[Stored entries]
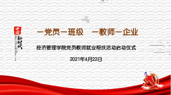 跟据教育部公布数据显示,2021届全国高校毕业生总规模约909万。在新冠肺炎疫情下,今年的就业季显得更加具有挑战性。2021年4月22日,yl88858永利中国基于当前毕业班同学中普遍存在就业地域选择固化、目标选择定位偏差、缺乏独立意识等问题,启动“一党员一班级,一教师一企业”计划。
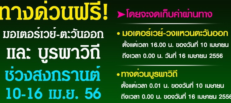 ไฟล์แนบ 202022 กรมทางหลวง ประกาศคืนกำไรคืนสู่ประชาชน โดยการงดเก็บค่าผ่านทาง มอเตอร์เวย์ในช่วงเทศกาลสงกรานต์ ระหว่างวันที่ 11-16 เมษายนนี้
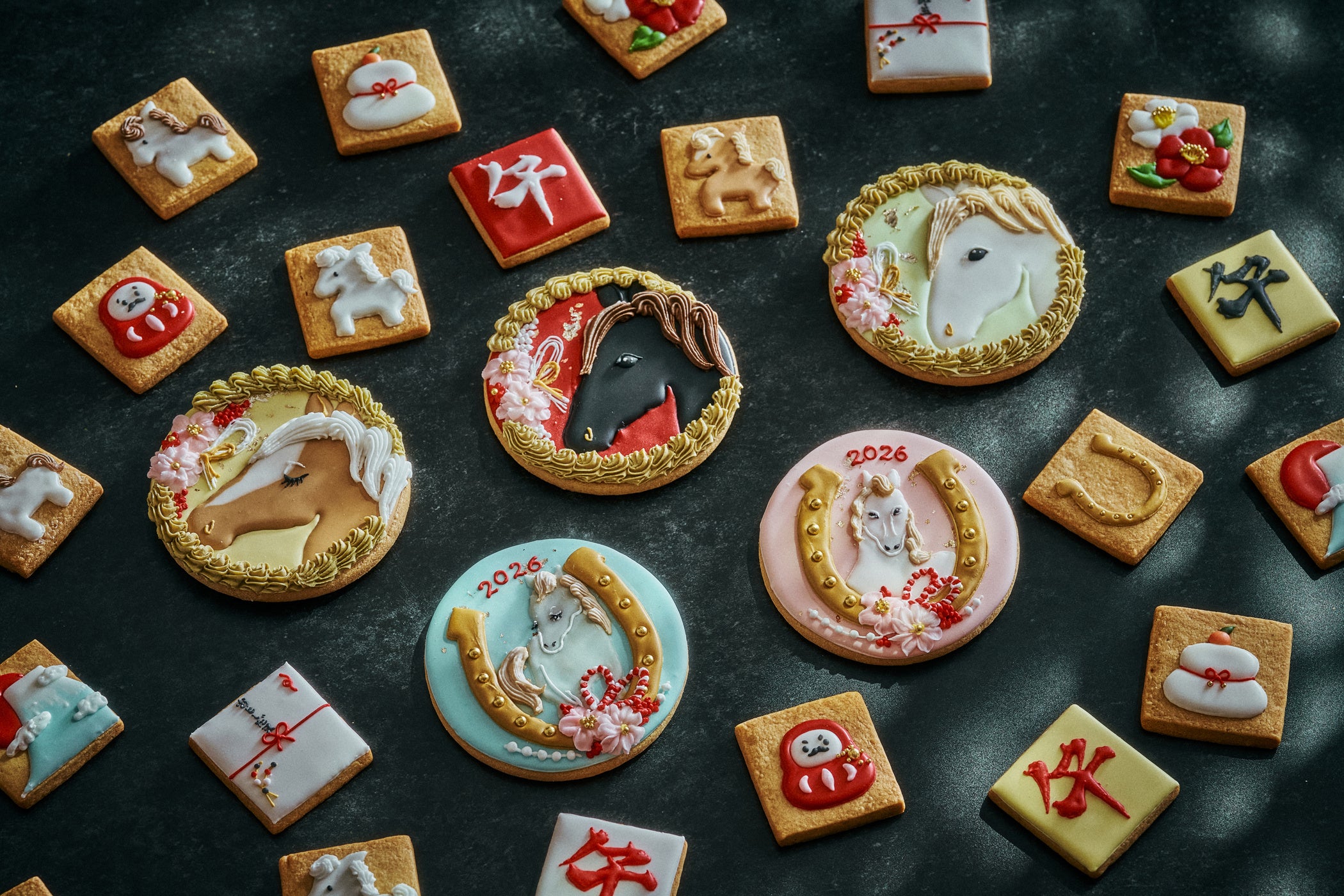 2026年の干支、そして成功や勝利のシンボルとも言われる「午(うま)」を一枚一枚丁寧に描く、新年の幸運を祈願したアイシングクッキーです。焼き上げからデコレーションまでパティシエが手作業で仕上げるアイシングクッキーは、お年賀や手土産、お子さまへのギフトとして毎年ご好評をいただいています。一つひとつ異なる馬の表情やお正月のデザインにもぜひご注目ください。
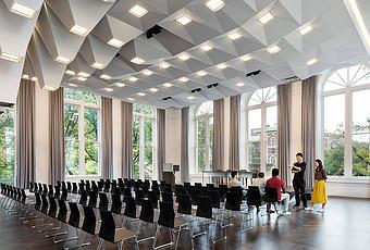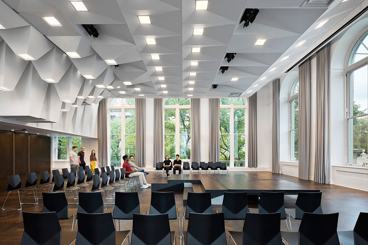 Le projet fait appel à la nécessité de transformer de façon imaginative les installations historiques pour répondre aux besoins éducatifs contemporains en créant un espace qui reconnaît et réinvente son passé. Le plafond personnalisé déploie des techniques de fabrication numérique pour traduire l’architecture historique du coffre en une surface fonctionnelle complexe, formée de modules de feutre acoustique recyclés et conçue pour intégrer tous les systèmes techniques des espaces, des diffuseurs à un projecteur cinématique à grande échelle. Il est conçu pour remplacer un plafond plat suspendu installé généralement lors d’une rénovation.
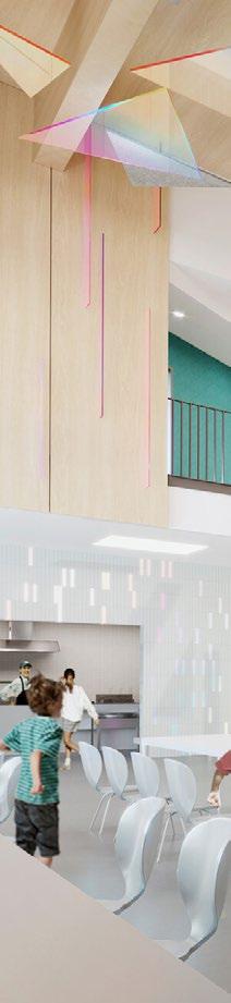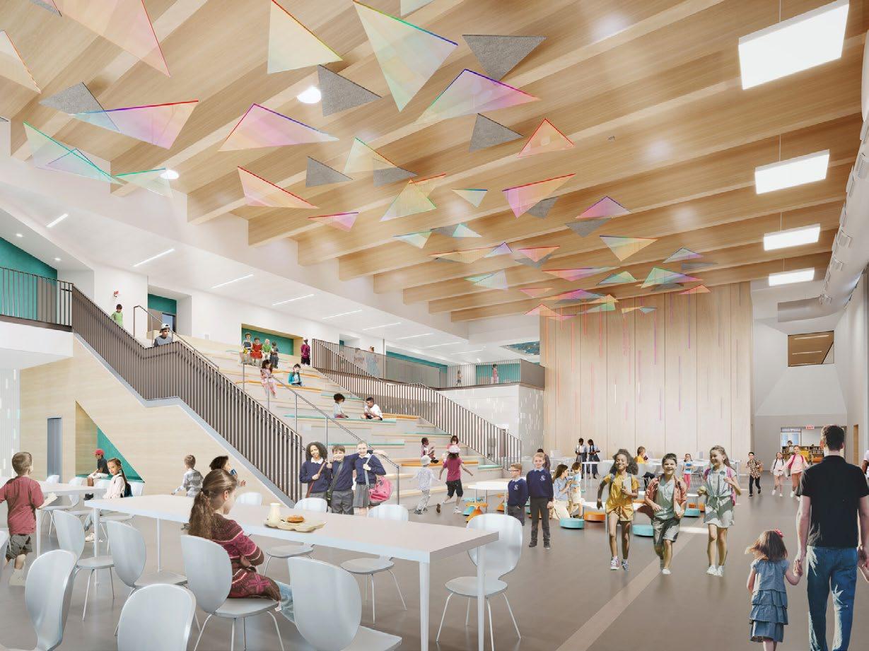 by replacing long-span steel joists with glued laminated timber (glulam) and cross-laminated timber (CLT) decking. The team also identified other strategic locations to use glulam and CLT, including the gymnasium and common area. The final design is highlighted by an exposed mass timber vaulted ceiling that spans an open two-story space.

* **EXERCISE PROMPT**
Return nothing but the lines running from the start of the data to the line with "2026年の干支、そして成功", please, both ends included and no pictures.

* **RESULT FOR THIS TASK**
 跟据教育部公布数据显示,2021届全国高校毕业生总规模约909万。在新冠肺炎疫情下,今年的就业季显得更加具有挑战性。2021年4月22日,yl88858永利中国基于当前毕业班同学中普遍存在就业地域选择固化、目标选择定位偏差、缺乏独立意识等问题,启动“一党员一班级,一教师一企业”计划。
 ไฟล์แนบ 202022 กรมทางหลวง ประกาศคืนกำไรคืนสู่ประชาชน โดยการงดเก็บค่าผ่านทาง มอเตอร์เวย์ในช่วงเทศกาลสงกรานต์ ระหว่างวันที่ 11-16 เมษายนนี้
 2026年の干支、そして成功や勝利のシンボルとも言われる「午(うま)」を一枚一枚丁寧に描く、新年の幸運を祈願したアイシングクッキーです。焼き上げからデコレーションまでパティシエが手作業で仕上げるアイシングクッキーは、お年賀や手土産、お子さまへのギフトとして毎年ご好評をいただいています。一つひとつ異なる馬の表情やお正月のデザインにもぜひご注目ください。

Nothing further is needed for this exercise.